We are only a few weeks into the new year, and if you're like me, you've already made – and broken – several resolutions. It's perfectly normal, and in fact, it's just a part of how we are wired. According to an article from Oliver Burkeman at Newsweek, almost a third of Americans routinely make New Year's resolutions – to quit smoking, work more, go to the gym and so on – and almost all of them fail.
So why is it that in spite of our best efforts, we can't keep our resolutions? Are we just lazy and lack the will power?
I don't think so, and neither does he. The problem is that we look at the new year as a fresh start – one that will finally give us the clean slate we need to do things the right way. We buy lots of self-help books, attend seminars and watch programs that tell us that all we need to do in order to make a change is to get motivated and “just do it”. It sounds great, gives us a short-term mood boost and fills us with the sense that we can accomplish whatever we want. The only problem is that it's not the way to make real change.
Real change is hard and it takes more than determination. In order to make real change, we have to be willing to do something, even when we aren't motivated and in spite of feeling tired, bored or whatever. Added to that, making big changes can deplete your stores of will power before you've even begun creating the new habit. Not only that, but we aren't so good at predicting what changes will make us the happiest. When the reality fails to live up to the hype we've created in our minds, the resolutions seem ineffective and are quickly forgotten.

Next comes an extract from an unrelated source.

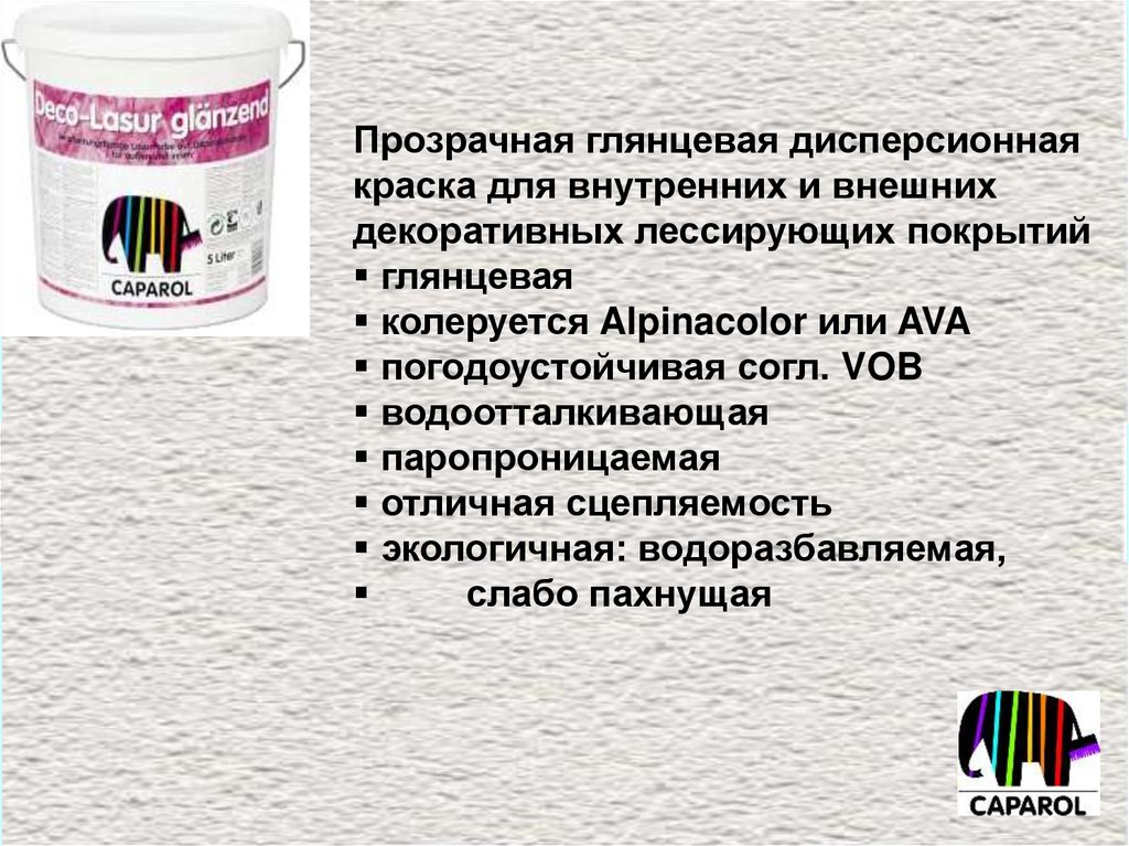 Прозрачная глянцевая дисперсионнаякраска для внутренних и внешних

A good example of this is people who make a resolution to lose weight. In order to get motivated, they imagine how much happier their life will be if they were thinner. I have some friends who think this way and they constantly talk about how much better their life will be when they finally get skinny. In their minds, when they reach their ideal goal, the clouds will part, they will feel happy, self-confident and will be able to find love, start enjoying their lives and get on with the “happily ever after” part. After expending all of that energy fantasizing about their perfect skinny life, there is little left over to actually spend on creating healthy meal plans or going to the gym. To make things worse, if they actually followed through on their resolution, they would find that even when they reach their goal, they will still be the exact same person they were before – just thinner. They will still have the same problems, the same struggle with confidence, and even the same relationship. Losing weight might make them feel healthier and happier, but it won't change their lives in the way they'd imagined.
So, what can we do to combat this problem? According to Burkeman, the solution is to stop making big resolutions and instead, make small, easily reachable goals throughout the year. Each accomplishment makes you feel more capable and adds to your will power. Sociological studies have pointed to this for years, insisting that many small victories can create more happiness and a higher degree of satisfaction than reaching a large goal. These little goals can build confidence and even trick your mind into making lasting change.
Maybe we would all be happier if we made resolutions to give 60% at our jobs. It's certainly a goal almost anyone can reach and even exceed. After reaching that goal day after day, we can try moving the bar up to 70%.